Assignment
The material below includes pictures; leave them out and return only the lines between the line containing "THE LOVELY TOWNHOUSE" and the line containing "Incluye cocina, extractor", inclusive, word for word.

Data for the task
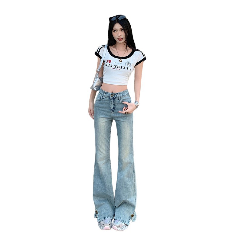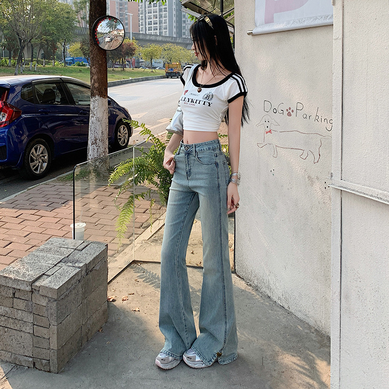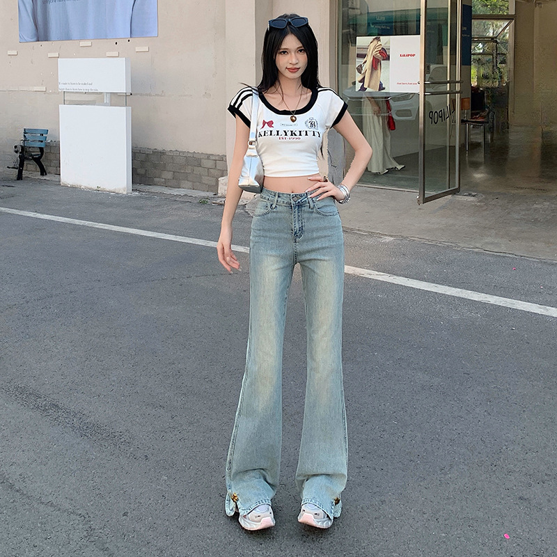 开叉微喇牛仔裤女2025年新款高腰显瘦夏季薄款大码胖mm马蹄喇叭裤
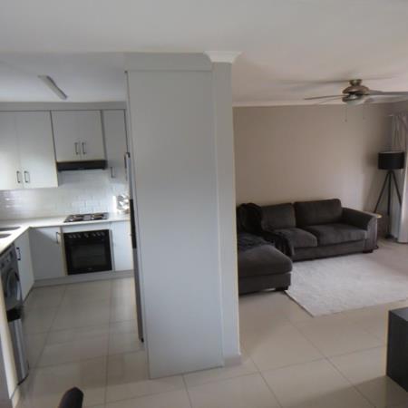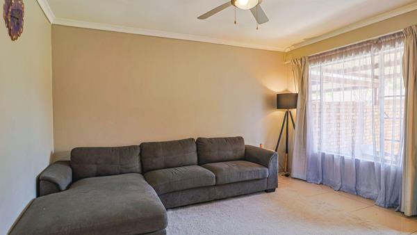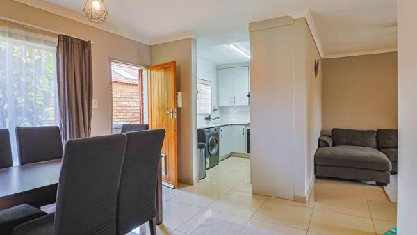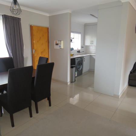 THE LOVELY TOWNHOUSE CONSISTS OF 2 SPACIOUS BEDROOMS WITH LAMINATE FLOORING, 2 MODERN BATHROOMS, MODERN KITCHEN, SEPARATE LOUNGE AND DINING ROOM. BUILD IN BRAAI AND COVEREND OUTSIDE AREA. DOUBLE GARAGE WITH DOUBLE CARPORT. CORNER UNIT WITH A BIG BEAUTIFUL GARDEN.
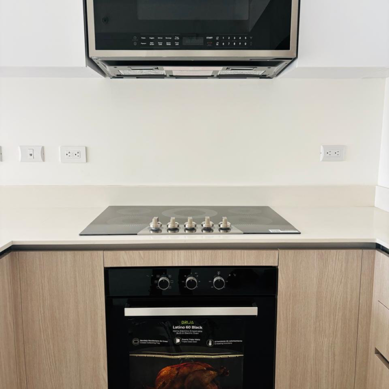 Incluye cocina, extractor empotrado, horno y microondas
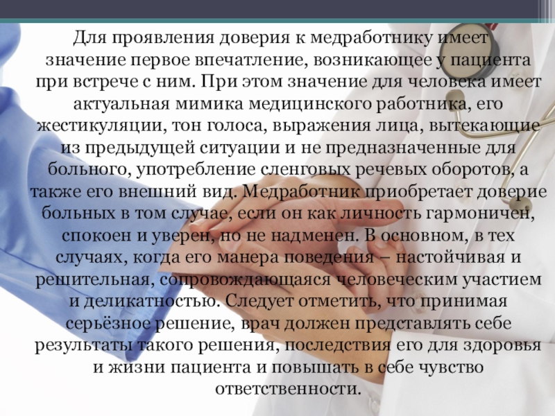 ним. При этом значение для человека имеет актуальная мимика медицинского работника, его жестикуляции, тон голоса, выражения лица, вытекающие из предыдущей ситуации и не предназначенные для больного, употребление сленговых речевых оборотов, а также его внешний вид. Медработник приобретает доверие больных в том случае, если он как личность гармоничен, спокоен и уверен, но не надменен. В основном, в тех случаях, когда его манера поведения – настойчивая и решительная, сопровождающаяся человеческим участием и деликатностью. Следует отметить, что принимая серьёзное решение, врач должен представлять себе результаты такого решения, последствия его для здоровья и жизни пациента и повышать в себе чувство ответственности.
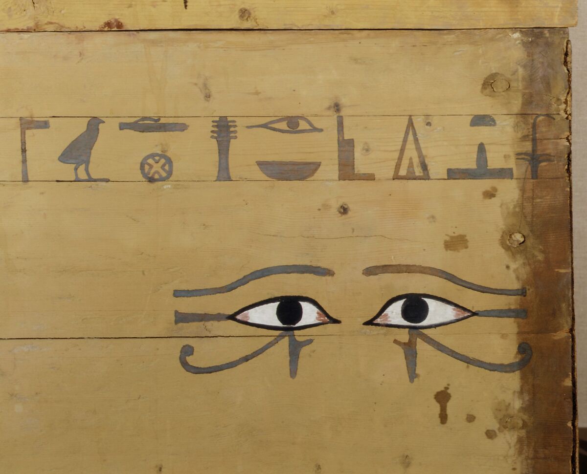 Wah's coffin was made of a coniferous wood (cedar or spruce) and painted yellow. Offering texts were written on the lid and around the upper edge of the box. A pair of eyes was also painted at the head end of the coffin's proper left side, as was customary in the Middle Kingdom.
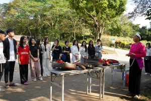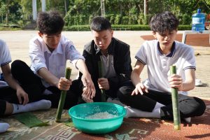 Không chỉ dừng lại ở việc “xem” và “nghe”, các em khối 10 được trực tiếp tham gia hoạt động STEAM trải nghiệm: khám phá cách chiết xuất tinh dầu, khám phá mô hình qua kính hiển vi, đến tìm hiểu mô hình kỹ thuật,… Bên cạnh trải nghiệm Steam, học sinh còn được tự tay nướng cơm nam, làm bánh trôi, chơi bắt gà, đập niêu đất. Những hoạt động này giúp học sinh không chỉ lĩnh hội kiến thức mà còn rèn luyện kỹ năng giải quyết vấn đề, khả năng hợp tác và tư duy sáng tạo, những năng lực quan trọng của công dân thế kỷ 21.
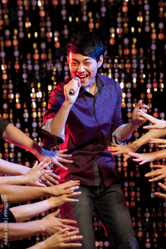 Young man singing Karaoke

--

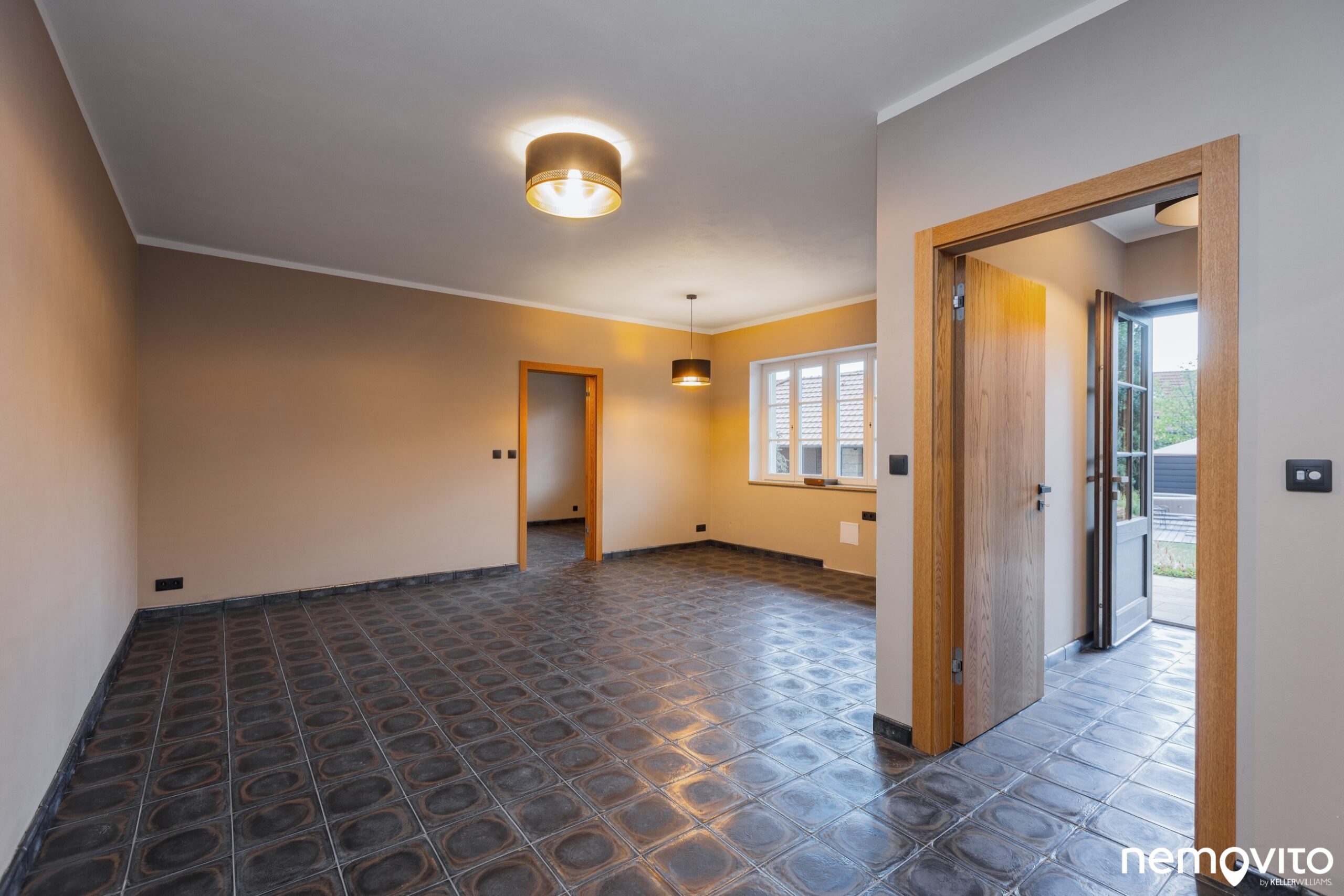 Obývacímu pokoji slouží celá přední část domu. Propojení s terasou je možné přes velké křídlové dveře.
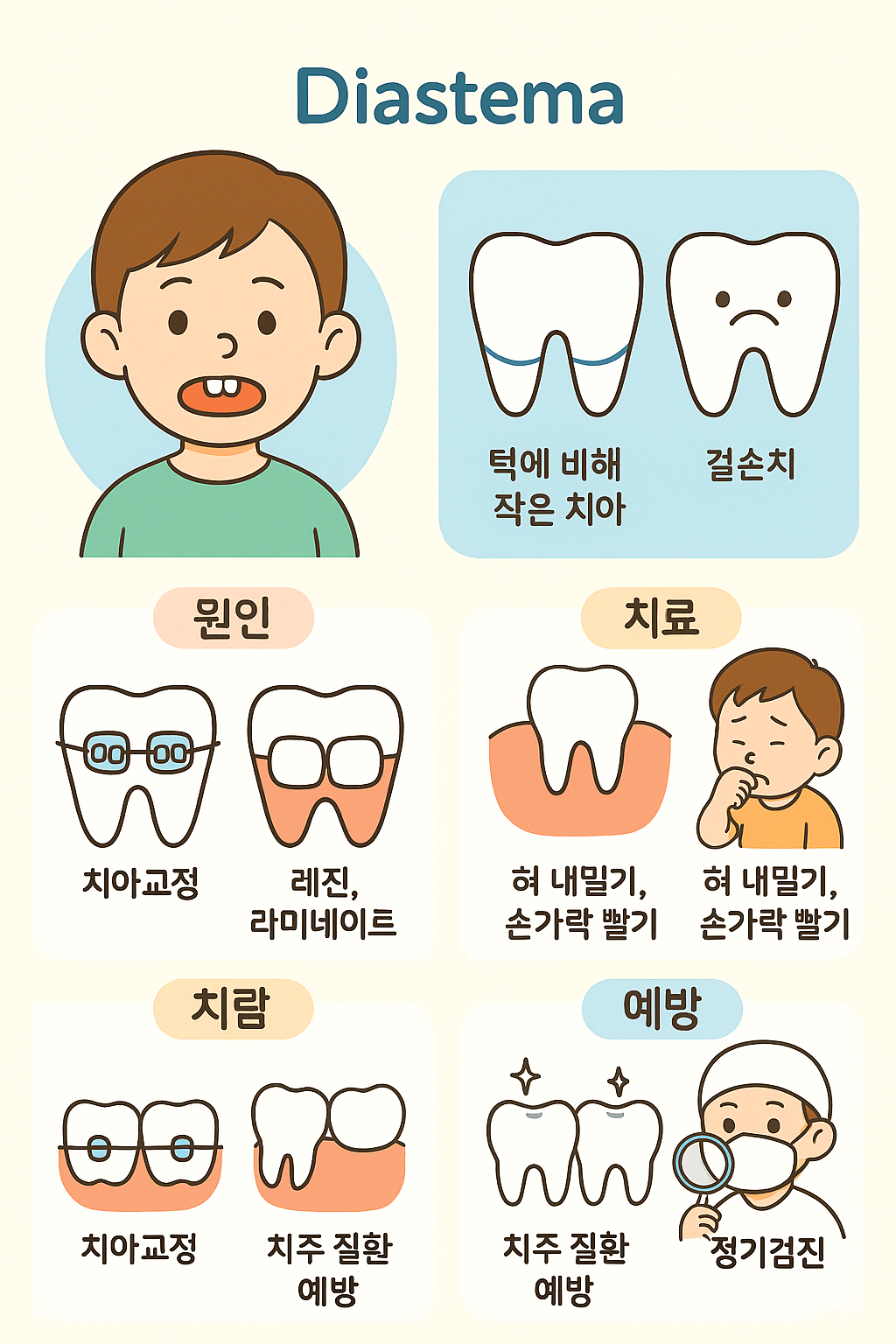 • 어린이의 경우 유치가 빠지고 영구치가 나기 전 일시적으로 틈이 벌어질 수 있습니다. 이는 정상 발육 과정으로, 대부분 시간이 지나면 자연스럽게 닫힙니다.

Task answer
 THE LOVELY TOWNHOUSE CONSISTS OF 2 SPACIOUS BEDROOMS WITH LAMINATE FLOORING, 2 MODERN BATHROOMS, MODERN KITCHEN, SEPARATE LOUNGE AND DINING ROOM. BUILD IN BRAAI AND COVEREND OUTSIDE AREA. DOUBLE GARAGE WITH DOUBLE CARPORT. CORNER UNIT WITH A BIG BEAUTIFUL GARDEN.
 Incluye cocina, extractor empotrado, horno y microondas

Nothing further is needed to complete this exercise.